Seven isolates of M. caprae were sequenced on a MiSeq-Illumina instrument with paired-end sequencing and a read length of 150 bp in each direction. For the isolates 09/RW044, 10/RW079, 11/D028, and 11/D102, sequencing libraries were prepared from 100 ng of fragmented DNA sonicated with a Bioruptor (NextGen, Diagenode, Liege, Belgium) (for 25 cycles with 30 s on/30 s off) and the Rapid Library preparation kit (NuGen Inc., San Carlos, CA) and were amplified by 6 cycles of PCR with Illumina P5 and P7 primers (P5, AATGATACGGCGACCACCGA; P7, CAAGCAGAAGACGGCATACGA). After the PCR step, libraries were purified with AMPure XP beads (Beckman Coulter, Brea, CA) and quantified with a Bioanalyzer (Agilent, Santa Clara, CA). From the isolates 11/Rd152461, 12/Rd52759, and 11/Roe010, respectively, 1 ng of AMPure XP-purified DNA was used to prepare fragmented libraries with the XT kit (Illumina, San Diego, CA) according to the manufacturer's instructions.
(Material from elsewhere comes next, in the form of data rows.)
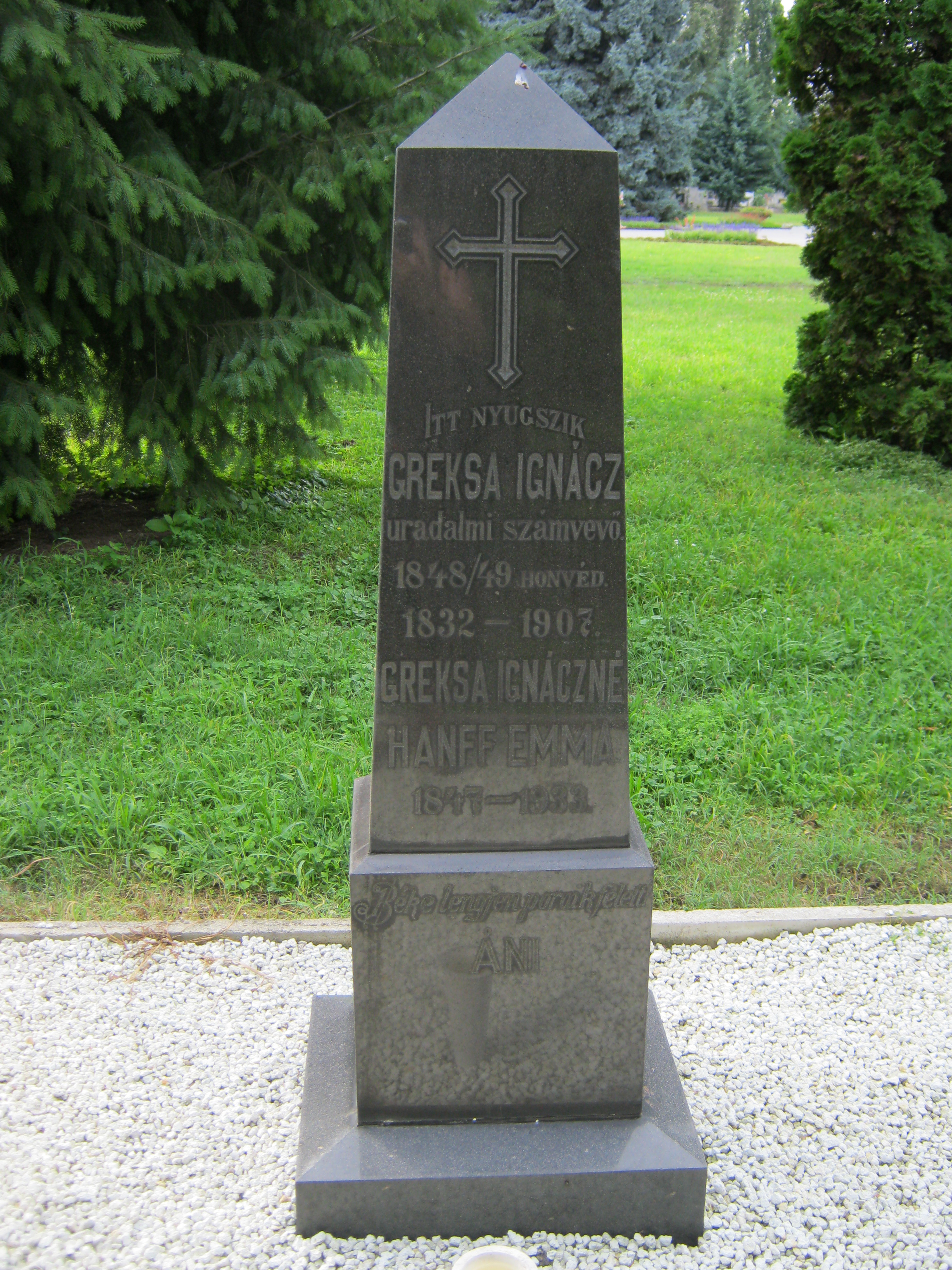 Nyilvános 962 | 1455 | Nyíregyháza, Pazonyi tér, Északi temető: Greksa Ignác | A Dózsa György út vezet Nyíregyháza Északi temetőjébe. A díszsírhelyek sorában itt találjuk Greksa Ignác (1832-1907) uradalmi számvevő, 1848-as honvéd sírkövét. Felh. irod.: Fazekas Árpád - Szekrényes András: Nyíregyháza temetői. Nyíregyháza, 1990 A fénykép 2010 augusztus elején készült |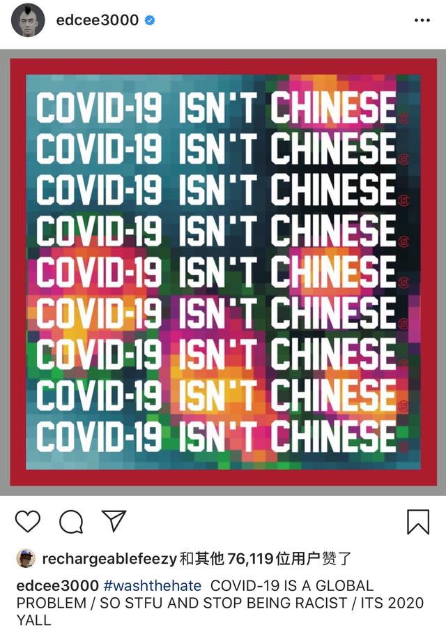 “COVID-19不是中国病毒,所以都TMD给我闭嘴。停止种族歧视,现在已经2020年了。”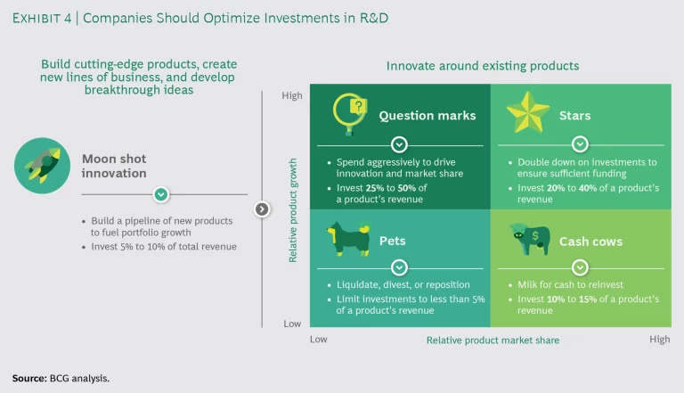 Companies that derive a large share of revenue from legacy products whose market share is high but whose growth potential is flat or declining should allocate their R&D spending to two endeavors. The first is moon shot innovation that builds cutting-edge products, creates new lines of business, and develops breakthrough ideas. The second is innovation that is closely related to existing products. (See Exhibit 4.) These companies should earmark 5% to 10% of their total revenues to moon shot innovation.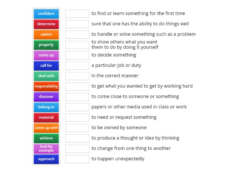 achieve - to get what you wanted to get by working hard, properly - in the correct manner, lead by example - to show others what you want them to do by doing it yourself, approach - to come close to someone or something, come up with - to produce a thought or idea by thinking, deal with - to handle or solve something such as a problem, belong to - to be owned by someone, come up - to happen unexpectedly, call for - to need or request something, determine - to decide something, responsibility - a particular job or duty, confident - sure that one has the ability to do things well, discover - to find or learn something for the first time, material - papers or other media used in class or work, switch - to change from one thing to another,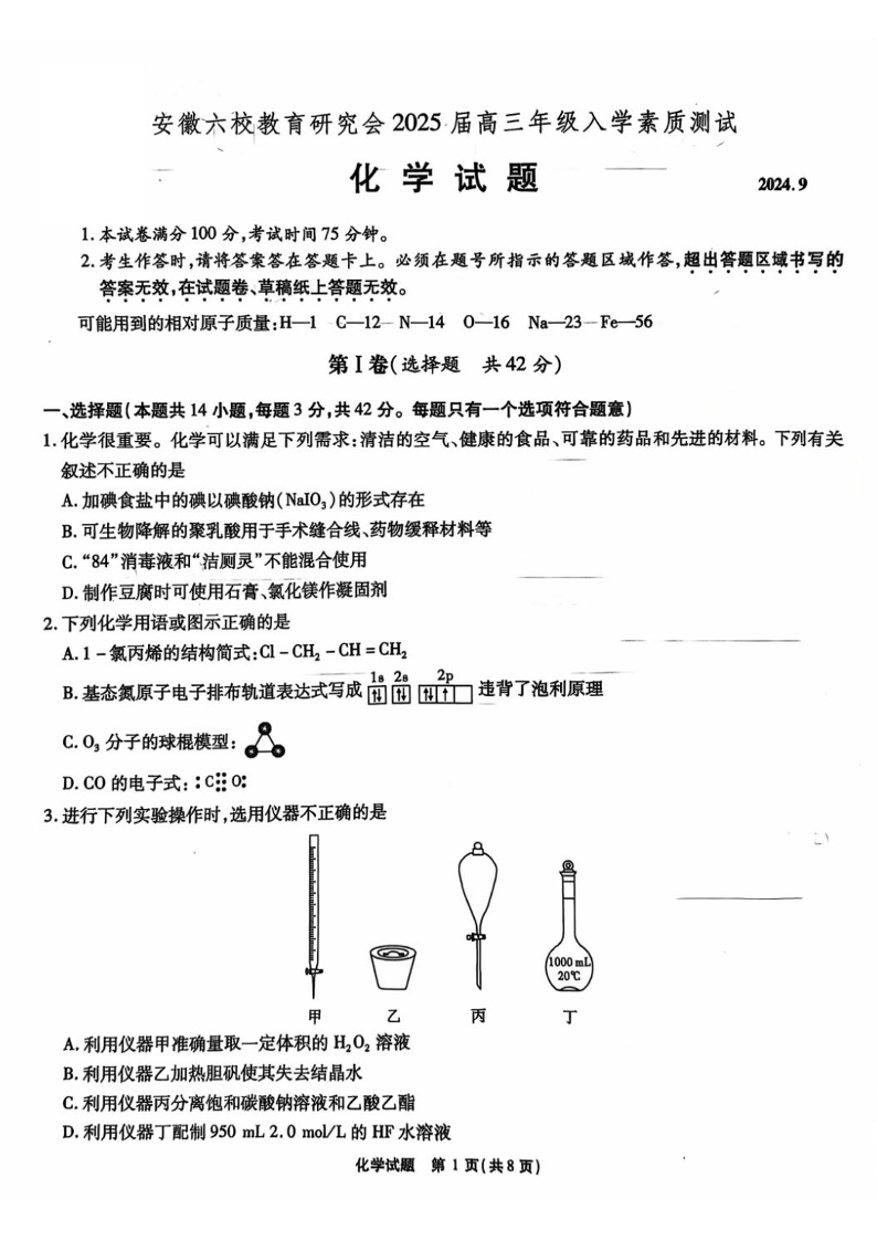安徽省六校教育研究会2025届高三年级入学素质测试 化学

The raw sequencing data were imported to a locally installed instance of the Galaxy platform (
30). Raw reads were demultiplexed, adapter and quality trimmed, and mapped to the
M. tuberculosis reference genome H37Rv (GenBank database, accession number
CP003248) with the program BWA (
31). Regions of interest were inspected on the Integrative genomics viewer (IGV), a lightweight visualization tool that enables intuitive real-time exploration of diverse, large-scale genomic data sets on standard desktop computers (
32) in order to find large deletions.
Primer and probe design.
All primers and probes were purchased from Primer-Management (Eurofins MWG Operon, Ebersberg, Germany).
Real-time PCR.
The reactions were run in a Stratagene Mx3005P real-time thermocycler (Agilent Technologies, Waldbronn, Germany). Thermocycling, fluorescent data collection, and data analysis were performed with MxProTM quantitative PCR (qPCR) software (Agilent Technologies).
lepA-based species-specific real-time PCR for M. caprae.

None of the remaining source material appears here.